Word for word, transcribe all the entries shown below.
SOURCE DATA: Begin
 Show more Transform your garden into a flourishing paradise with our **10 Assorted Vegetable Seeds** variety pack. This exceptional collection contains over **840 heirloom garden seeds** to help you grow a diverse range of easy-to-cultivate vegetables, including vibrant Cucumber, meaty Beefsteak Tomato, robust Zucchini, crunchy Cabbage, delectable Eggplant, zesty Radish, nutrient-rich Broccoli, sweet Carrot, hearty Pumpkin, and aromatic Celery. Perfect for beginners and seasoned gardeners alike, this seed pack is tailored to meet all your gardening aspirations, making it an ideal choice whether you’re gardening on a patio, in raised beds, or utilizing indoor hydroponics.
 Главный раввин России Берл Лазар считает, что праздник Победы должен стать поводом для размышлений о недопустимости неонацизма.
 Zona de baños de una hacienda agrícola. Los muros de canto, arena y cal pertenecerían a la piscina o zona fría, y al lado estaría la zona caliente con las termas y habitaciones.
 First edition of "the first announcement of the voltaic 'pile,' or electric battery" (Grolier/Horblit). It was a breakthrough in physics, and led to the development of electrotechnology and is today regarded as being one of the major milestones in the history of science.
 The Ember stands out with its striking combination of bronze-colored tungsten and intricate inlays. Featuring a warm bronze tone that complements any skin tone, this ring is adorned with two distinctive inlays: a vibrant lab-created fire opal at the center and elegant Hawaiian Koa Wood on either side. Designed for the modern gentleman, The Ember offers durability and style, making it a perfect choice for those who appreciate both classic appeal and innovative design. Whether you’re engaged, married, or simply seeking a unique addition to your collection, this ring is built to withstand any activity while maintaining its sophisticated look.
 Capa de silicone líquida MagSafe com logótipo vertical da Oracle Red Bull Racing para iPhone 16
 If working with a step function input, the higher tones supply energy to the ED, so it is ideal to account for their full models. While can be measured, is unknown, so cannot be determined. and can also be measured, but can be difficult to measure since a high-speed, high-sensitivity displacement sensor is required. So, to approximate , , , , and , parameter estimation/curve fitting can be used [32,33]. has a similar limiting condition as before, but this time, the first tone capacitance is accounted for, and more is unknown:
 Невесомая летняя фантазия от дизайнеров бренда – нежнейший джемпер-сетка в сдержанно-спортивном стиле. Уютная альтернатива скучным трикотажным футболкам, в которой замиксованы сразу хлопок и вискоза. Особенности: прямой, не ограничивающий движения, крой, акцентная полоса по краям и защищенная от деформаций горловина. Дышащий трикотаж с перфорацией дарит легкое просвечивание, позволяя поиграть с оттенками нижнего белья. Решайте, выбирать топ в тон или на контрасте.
SOURCE DATA: End
WORKED SOLUTION
 Show more Transform your garden into a flourishing paradise with our **10 Assorted Vegetable Seeds** variety pack. This exceptional collection contains over **840 heirloom garden seeds** to help you grow a diverse range of easy-to-cultivate vegetables, including vibrant Cucumber, meaty Beefsteak Tomato, robust Zucchini, crunchy Cabbage, delectable Eggplant, zesty Radish, nutrient-rich Broccoli, sweet Carrot, hearty Pumpkin, and aromatic Celery. Perfect for beginners and seasoned gardeners alike, this seed pack is tailored to meet all your gardening aspirations, making it an ideal choice whether you’re gardening on a patio, in raised beds, or utilizing indoor hydroponics.
 Главный раввин России Берл Лазар считает, что праздник Победы должен стать поводом для размышлений о недопустимости неонацизма.
 Zona de baños de una hacienda agrícola. Los muros de canto, arena y cal pertenecerían a la piscina o zona fría, y al lado estaría la zona caliente con las termas y habitaciones.
 First edition of "the first announcement of the voltaic 'pile,' or electric battery" (Grolier/Horblit). It was a breakthrough in physics, and led to the development of electrotechnology and is today regarded as being one of the major milestones in the history of science.
 The Ember stands out with its striking combination of bronze-colored tungsten and intricate inlays. Featuring a warm bronze tone that complements any skin tone, this ring is adorned with two distinctive inlays: a vibrant lab-created fire opal at the center and elegant Hawaiian Koa Wood on either side. Designed for the modern gentleman, The Ember offers durability and style, making it a perfect choice for those who appreciate both classic appeal and innovative design. Whether you’re engaged, married, or simply seeking a unique addition to your collection, this ring is built to withstand any activity while maintaining its sophisticated look.
 Capa de silicone líquida MagSafe com logótipo vertical da Oracle Red Bull Racing para iPhone 16
 If working with a step function input, the higher tones supply energy to the ED, so it is ideal to account for their full models. While can be measured, is unknown, so cannot be determined. and can also be measured, but can be difficult to measure since a high-speed, high-sensitivity displacement sensor is required. So, to approximate , , , , and , parameter estimation/curve fitting can be used [32,33]. has a similar limiting condition as before, but this time, the first tone capacitance is accounted for, and more is unknown:
 Невесомая летняя фантазия от дизайнеров бренда – нежнейший джемпер-сетка в сдержанно-спортивном стиле. Уютная альтернатива скучным трикотажным футболкам, в которой замиксованы сразу хлопок и вискоза. Особенности: прямой, не ограничивающий движения, крой, акцентная полоса по краям и защищенная от деформаций горловина. Дышащий трикотаж с перфорацией дарит легкое просвечивание, позволяя поиграть с оттенками нижнего белья. Решайте, выбирать топ в тон или на контрасте.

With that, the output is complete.